=== DATA ===

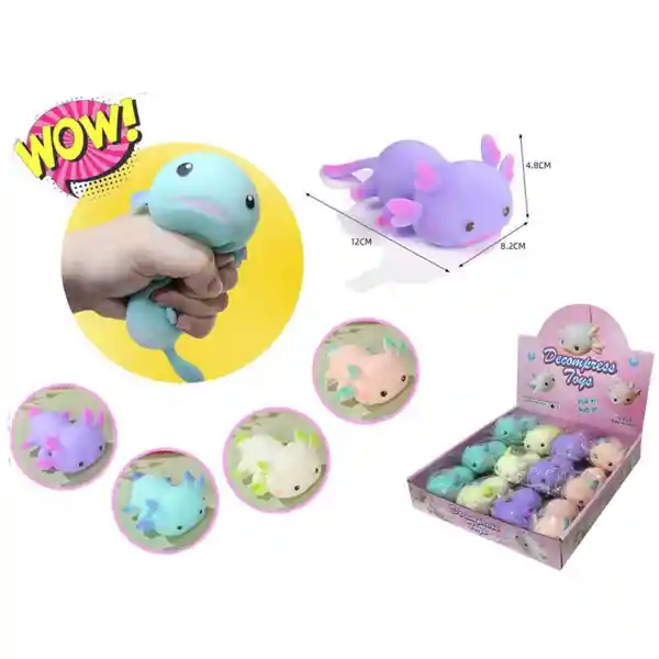 Ajolote de goma suave y flexible en forma de un adorable animalito. Ideal para todas las edades, este juguete es perfecto para reducir el estrés y la ansiedad. Al apretarlo y amasarlo, proporciona una sensación relajante en las manos y los dedos. También puede ser un simpático elemento decorativo para tu escritorio, habitación u oficina. Medidas: 12x8cm
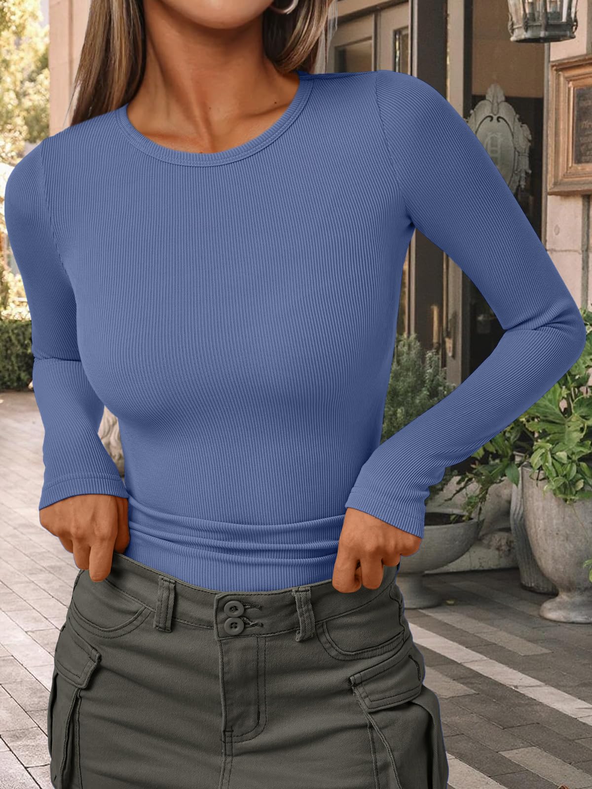 Long sleeve ribbed crewneck shirts for women, business casual dressy tops in fall & winter, suit for office,outdoor,home
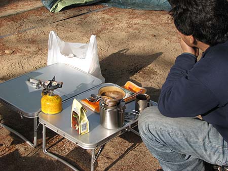 その昔、「ニューヨークの朝は1杯のコーヒーから始まる‥ダバダー♪」というようなコマーシャルがありましたが、おとうがご参加下さるキャンプの朝は「数杯のおとうコーヒー」から始まるのであります。これはもう定番。そして各自がトーストほかの軽食を済ませると、「それぞれの1日」が始まります。
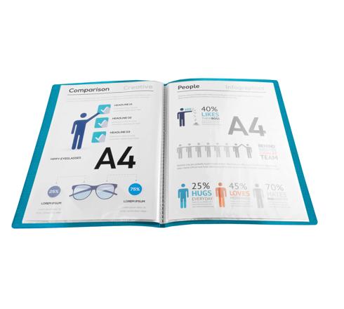 PROTÈGE-DOCUMENTS COUVERTURE CARTE SEMI RIGIDE TEKSTO 40 VUES - A4 - COULEURS ASSORTIES
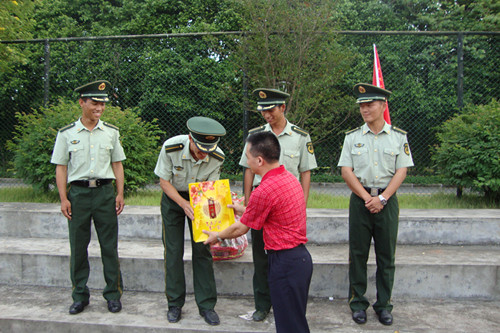 慰问中,副经理董金伟也笑称:“林书记给大家送完食物食粮,我来为大家送上精神食粮”,希望新生们要好好在军训中锻炼自己,培养一个健康的身心,以饱满的精神面对学习。同时,军训旅的营长代表教官们对公司领导的关心表示感谢,也夸奖公司新生们很有内涵。

===

The job here is to write out the records exactly, pictures excluded.

▶ YOUR RESPONSE:
 Ajolote de goma suave y flexible en forma de un adorable animalito. Ideal para todas las edades, este juguete es perfecto para reducir el estrés y la ansiedad. Al apretarlo y amasarlo, proporciona una sensación relajante en las manos y los dedos. También puede ser un simpático elemento decorativo para tu escritorio, habitación u oficina. Medidas: 12x8cm
 Long sleeve ribbed crewneck shirts for women, business casual dressy tops in fall & winter, suit for office,outdoor,home
 その昔、「ニューヨークの朝は1杯のコーヒーから始まる‥ダバダー♪」というようなコマーシャルがありましたが、おとうがご参加下さるキャンプの朝は「数杯のおとうコーヒー」から始まるのであります。これはもう定番。そして各自がトーストほかの軽食を済ませると、「それぞれの1日」が始まります。
 PROTÈGE-DOCUMENTS COUVERTURE CARTE SEMI RIGIDE TEKSTO 40 VUES - A4 - COULEURS ASSORTIES
 慰问中,副经理董金伟也笑称:“林书记给大家送完食物食粮,我来为大家送上精神食粮”,希望新生们要好好在军训中锻炼自己,培养一个健康的身心,以饱满的精神面对学习。同时,军训旅的营长代表教官们对公司领导的关心表示感谢,也夸奖公司新生们很有内涵。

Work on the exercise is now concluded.